Goal of the exercise
Retype the listing below exactly, pictures removed.

Provided data
Content starts

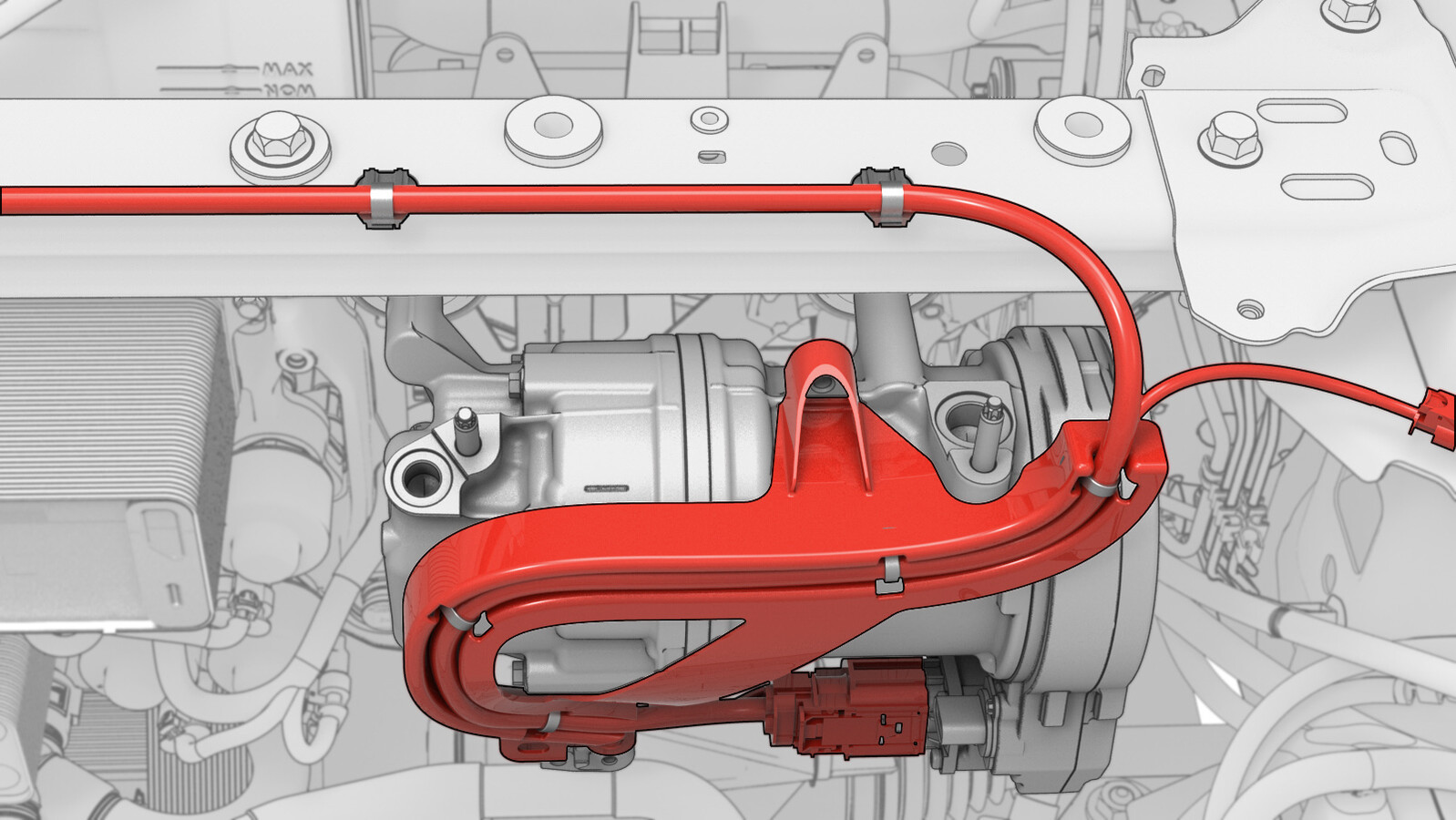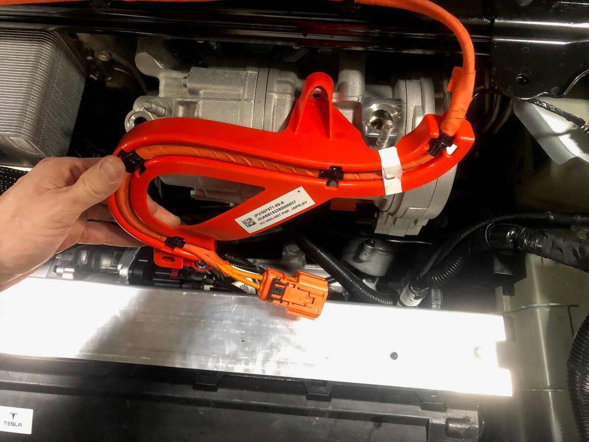 Position the A/C compressor HV harness
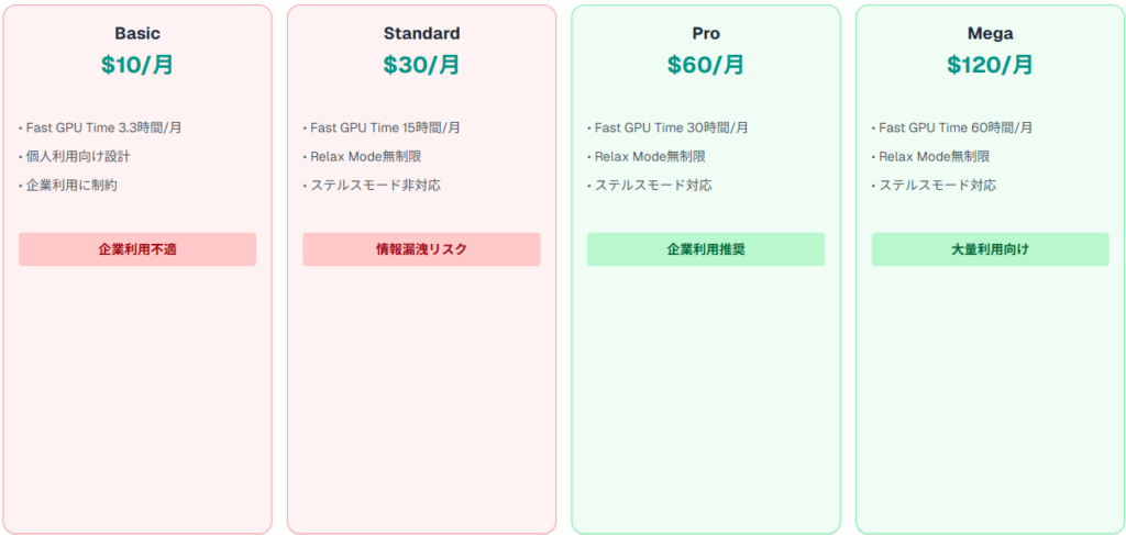 特に年間売上100万ドルを超える企業は、Midjourneyの利用規約によりProプラン以上の契約が必須となっており、企業でMidjourneyを導入する際は、必ずPro以上のプランを選択し、全社員にステルスモードの徹底使用を義務づけることが重要です。
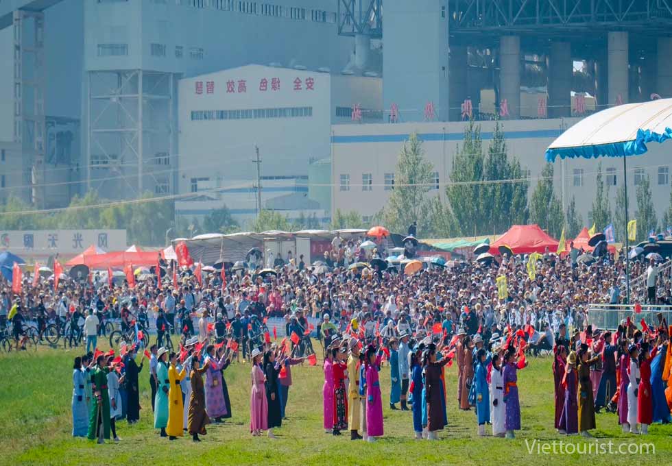 Trong lễ khai mạc, những chú ngựa và người cưỡi ngựa, cung thủ và đô vật đều được giới thiệu với đám đông, trong khi các vũ công biểu diễn điệu biyelgee (điệu múa truyền thống của Mông Cổ) trong khi các ca sĩ thể hiện tài năng và lòng yêu nước của mình để chào mừng sự kiện này.
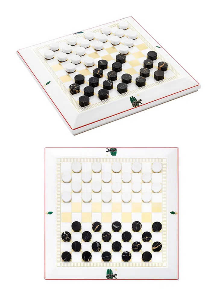 Cartier扩张去年推出的生活艺术系列并取名为Art de Vivre(生活的艺术),这款奢华精致的跳棋组合即其中的新成员。喜庆、有趣、珍贵,这款跳棋以最高贵的大理石打造,其金、白、黑的典雅配色犹如艺术品,摆在家中装饰着或拿出来与客人对弈都显得大气非凡。

Content ends

Answer to the problem
 Position the A/C compressor HV harness
 特に年間売上100万ドルを超える企業は、Midjourneyの利用規約によりProプラン以上の契約が必須となっており、企業でMidjourneyを導入する際は、必ずPro以上のプランを選択し、全社員にステルスモードの徹底使用を義務づけることが重要です。
 Trong lễ khai mạc, những chú ngựa và người cưỡi ngựa, cung thủ và đô vật đều được giới thiệu với đám đông, trong khi các vũ công biểu diễn điệu biyelgee (điệu múa truyền thống của Mông Cổ) trong khi các ca sĩ thể hiện tài năng và lòng yêu nước của mình để chào mừng sự kiện này.
 Cartier扩张去年推出的生活艺术系列并取名为Art de Vivre(生活的艺术),这款奢华精致的跳棋组合即其中的新成员。喜庆、有趣、珍贵,这款跳棋以最高贵的大理石打造,其金、白、黑的典雅配色犹如艺术品,摆在家中装饰着或拿出来与客人对弈都显得大气非凡。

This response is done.